WHAT THE EXERCISE ASKS: In the material below, begin at the line that has "home offices. 🏠", stop after the line that has "近日,在由中国质量检验协会主", and transcribe those lines exactly, without pictures.

THE INPUT:
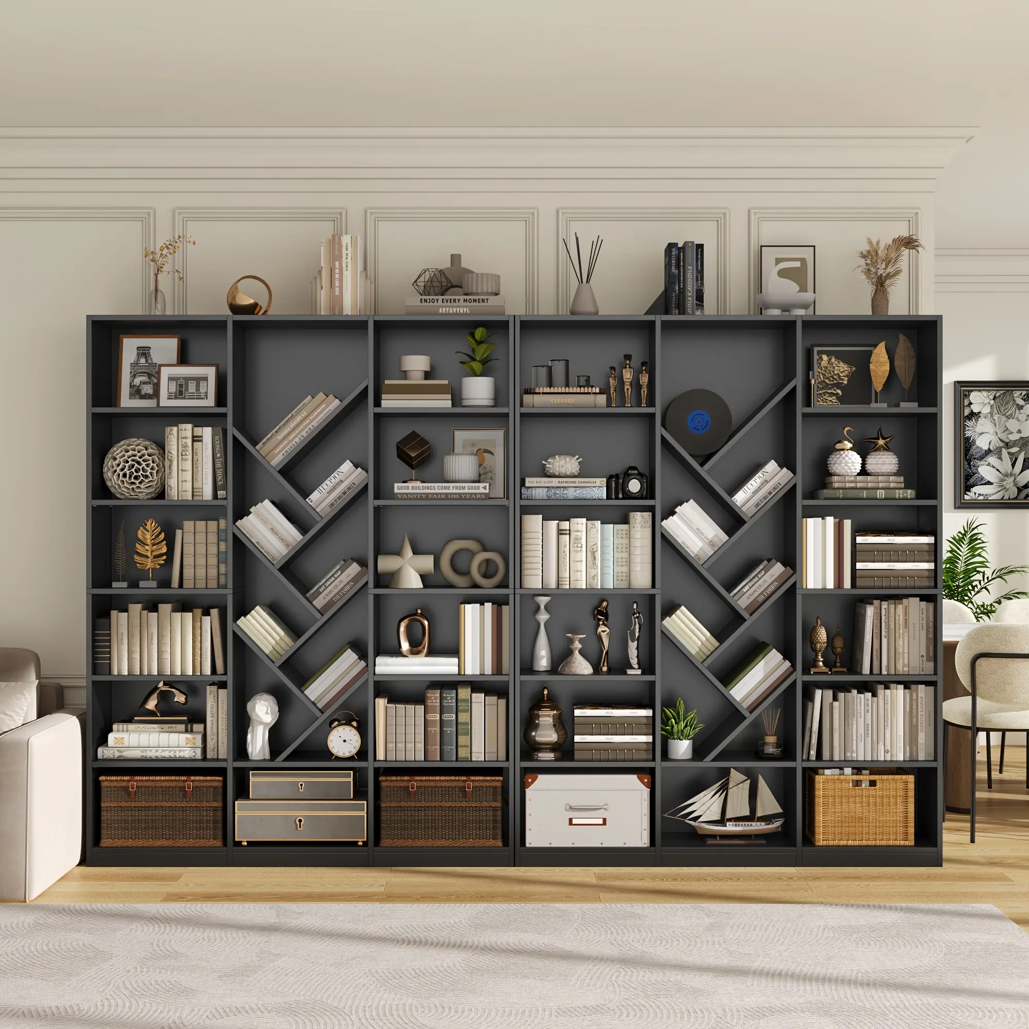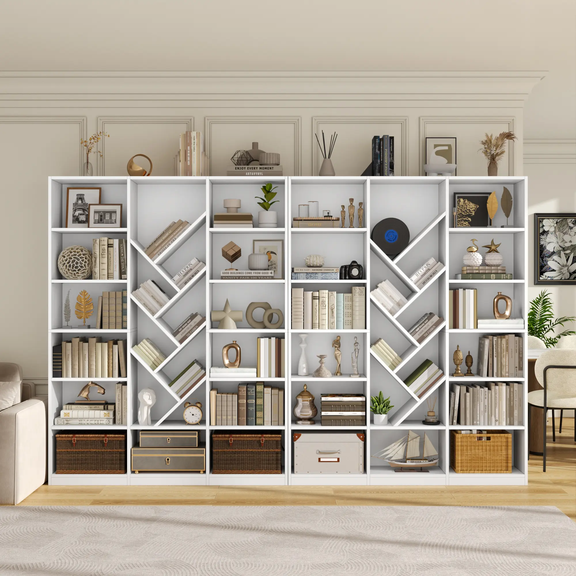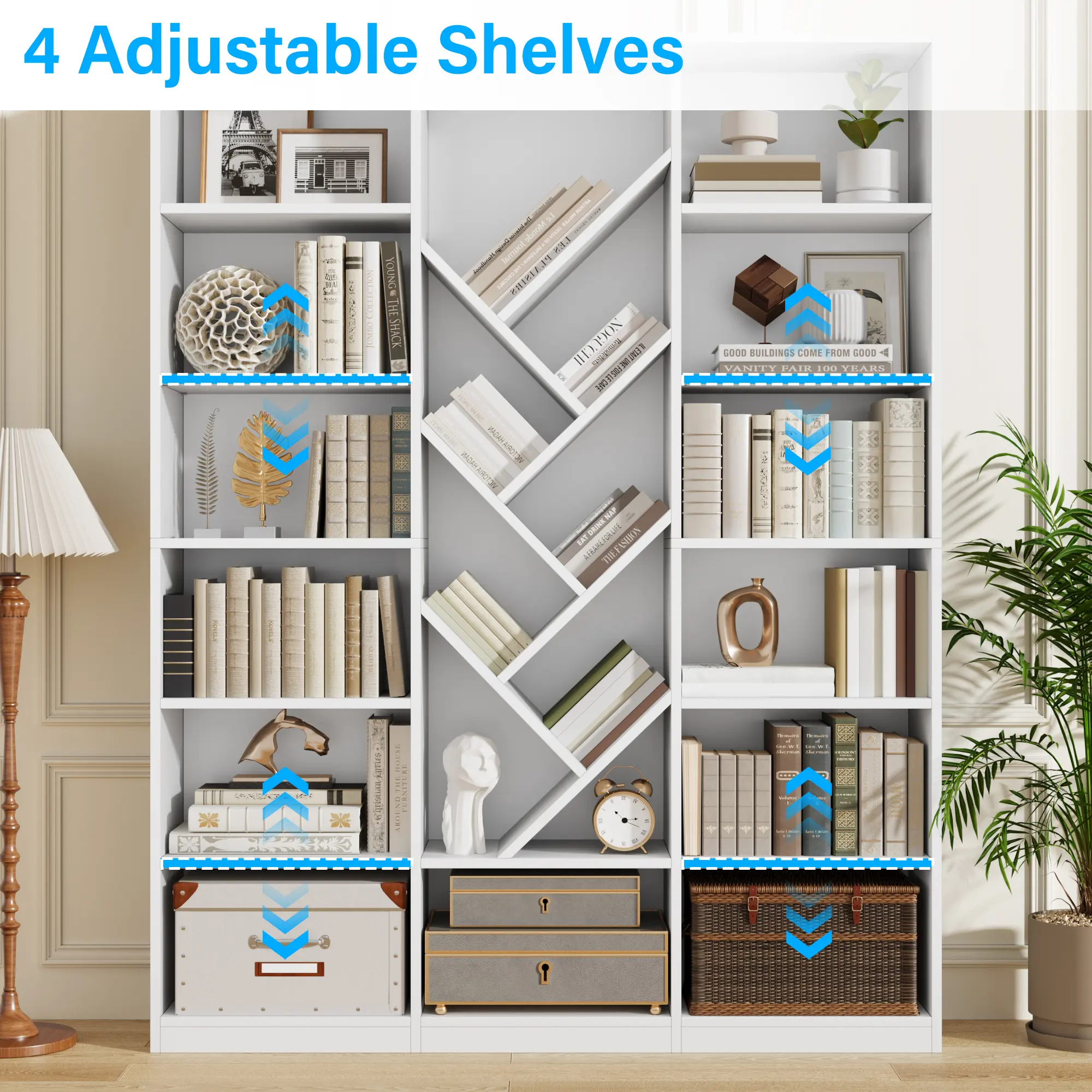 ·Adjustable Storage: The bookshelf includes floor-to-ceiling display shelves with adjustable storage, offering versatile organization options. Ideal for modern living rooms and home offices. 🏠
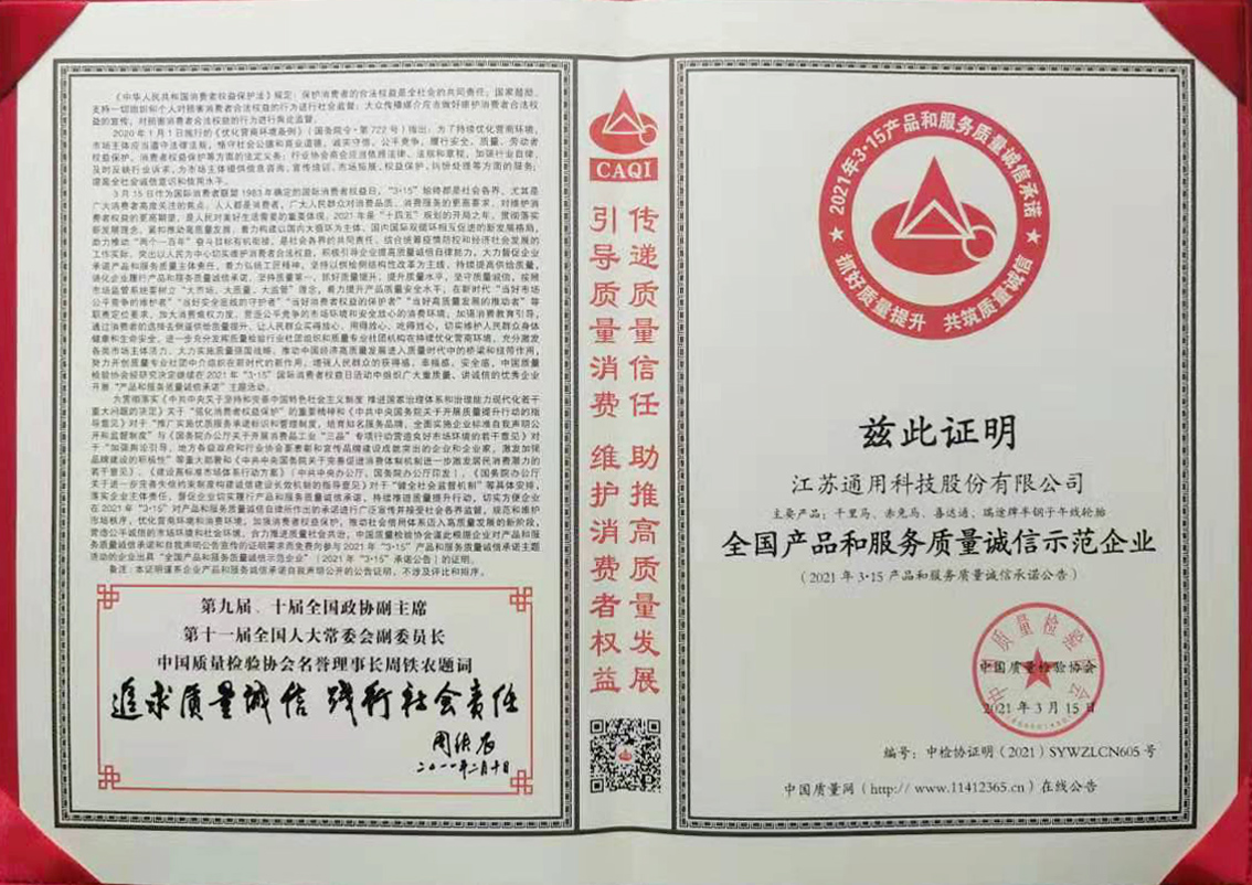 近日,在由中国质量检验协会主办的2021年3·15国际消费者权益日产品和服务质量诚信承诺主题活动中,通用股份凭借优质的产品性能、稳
==
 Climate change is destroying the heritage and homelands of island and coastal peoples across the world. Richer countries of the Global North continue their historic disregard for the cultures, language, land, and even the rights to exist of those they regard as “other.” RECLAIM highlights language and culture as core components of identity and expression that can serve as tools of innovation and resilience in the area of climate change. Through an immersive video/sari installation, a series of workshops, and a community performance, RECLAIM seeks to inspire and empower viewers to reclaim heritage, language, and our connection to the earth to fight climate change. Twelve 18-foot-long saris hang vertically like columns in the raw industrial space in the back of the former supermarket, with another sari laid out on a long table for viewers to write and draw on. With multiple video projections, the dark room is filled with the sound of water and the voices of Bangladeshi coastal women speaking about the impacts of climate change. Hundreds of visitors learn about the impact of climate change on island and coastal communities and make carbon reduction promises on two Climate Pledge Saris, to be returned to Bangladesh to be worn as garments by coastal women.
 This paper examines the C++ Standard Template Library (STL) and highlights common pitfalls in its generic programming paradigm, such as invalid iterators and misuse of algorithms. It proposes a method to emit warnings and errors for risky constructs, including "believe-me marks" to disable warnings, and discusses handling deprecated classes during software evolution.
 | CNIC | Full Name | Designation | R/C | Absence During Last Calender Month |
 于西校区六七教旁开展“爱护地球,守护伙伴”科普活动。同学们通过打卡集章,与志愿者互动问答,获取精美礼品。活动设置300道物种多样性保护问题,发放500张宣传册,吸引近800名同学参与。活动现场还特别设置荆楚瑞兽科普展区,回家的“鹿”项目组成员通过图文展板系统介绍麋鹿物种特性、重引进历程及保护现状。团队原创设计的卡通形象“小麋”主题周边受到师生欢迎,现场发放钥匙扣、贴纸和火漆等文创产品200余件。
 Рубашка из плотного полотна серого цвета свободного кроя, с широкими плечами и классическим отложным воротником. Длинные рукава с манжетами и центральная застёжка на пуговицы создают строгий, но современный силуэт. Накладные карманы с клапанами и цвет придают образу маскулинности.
* * *
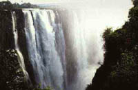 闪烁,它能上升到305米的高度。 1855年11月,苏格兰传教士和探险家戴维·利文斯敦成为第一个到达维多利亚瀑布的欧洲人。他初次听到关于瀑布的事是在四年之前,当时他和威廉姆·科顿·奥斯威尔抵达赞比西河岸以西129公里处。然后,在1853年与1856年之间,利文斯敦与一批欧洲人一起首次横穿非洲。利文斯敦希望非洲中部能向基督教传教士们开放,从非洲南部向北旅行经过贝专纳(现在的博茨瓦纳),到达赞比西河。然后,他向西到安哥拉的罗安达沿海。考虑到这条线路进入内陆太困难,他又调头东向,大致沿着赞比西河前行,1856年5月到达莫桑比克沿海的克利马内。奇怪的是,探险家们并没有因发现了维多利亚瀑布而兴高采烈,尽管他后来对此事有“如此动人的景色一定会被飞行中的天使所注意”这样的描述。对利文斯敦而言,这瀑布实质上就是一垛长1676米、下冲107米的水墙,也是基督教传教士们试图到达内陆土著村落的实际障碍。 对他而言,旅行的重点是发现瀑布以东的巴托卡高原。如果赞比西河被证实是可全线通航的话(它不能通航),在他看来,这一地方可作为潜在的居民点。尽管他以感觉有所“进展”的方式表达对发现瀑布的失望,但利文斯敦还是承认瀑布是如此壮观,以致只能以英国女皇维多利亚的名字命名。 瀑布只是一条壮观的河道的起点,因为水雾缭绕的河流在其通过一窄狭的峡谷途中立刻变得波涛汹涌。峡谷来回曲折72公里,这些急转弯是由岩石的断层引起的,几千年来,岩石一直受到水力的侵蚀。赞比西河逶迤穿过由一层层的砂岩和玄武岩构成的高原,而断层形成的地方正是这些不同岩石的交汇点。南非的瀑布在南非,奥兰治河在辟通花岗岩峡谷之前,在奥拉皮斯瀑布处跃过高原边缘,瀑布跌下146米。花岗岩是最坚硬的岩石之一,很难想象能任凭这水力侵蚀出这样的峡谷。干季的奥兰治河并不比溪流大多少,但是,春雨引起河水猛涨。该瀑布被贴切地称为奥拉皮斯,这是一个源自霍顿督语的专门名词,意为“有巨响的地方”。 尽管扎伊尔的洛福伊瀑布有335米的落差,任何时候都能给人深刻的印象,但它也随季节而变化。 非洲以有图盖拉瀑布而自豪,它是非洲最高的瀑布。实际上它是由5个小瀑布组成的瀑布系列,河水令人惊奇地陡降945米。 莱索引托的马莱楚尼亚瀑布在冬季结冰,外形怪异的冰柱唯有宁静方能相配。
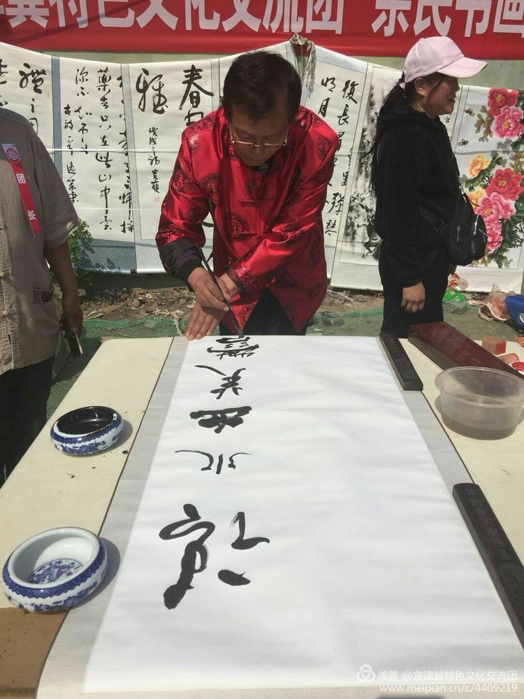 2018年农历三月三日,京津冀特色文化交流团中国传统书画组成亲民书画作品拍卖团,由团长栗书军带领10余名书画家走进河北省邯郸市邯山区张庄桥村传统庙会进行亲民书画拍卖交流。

RESULT:
 ·Adjustable Storage: The bookshelf includes floor-to-ceiling display shelves with adjustable storage, offering versatile organization options. Ideal for modern living rooms and home offices. 🏠
 近日,在由中国质量检验协会主办的2021年3·15国际消费者权益日产品和服务质量诚信承诺主题活动中,通用股份凭借优质的产品性能、稳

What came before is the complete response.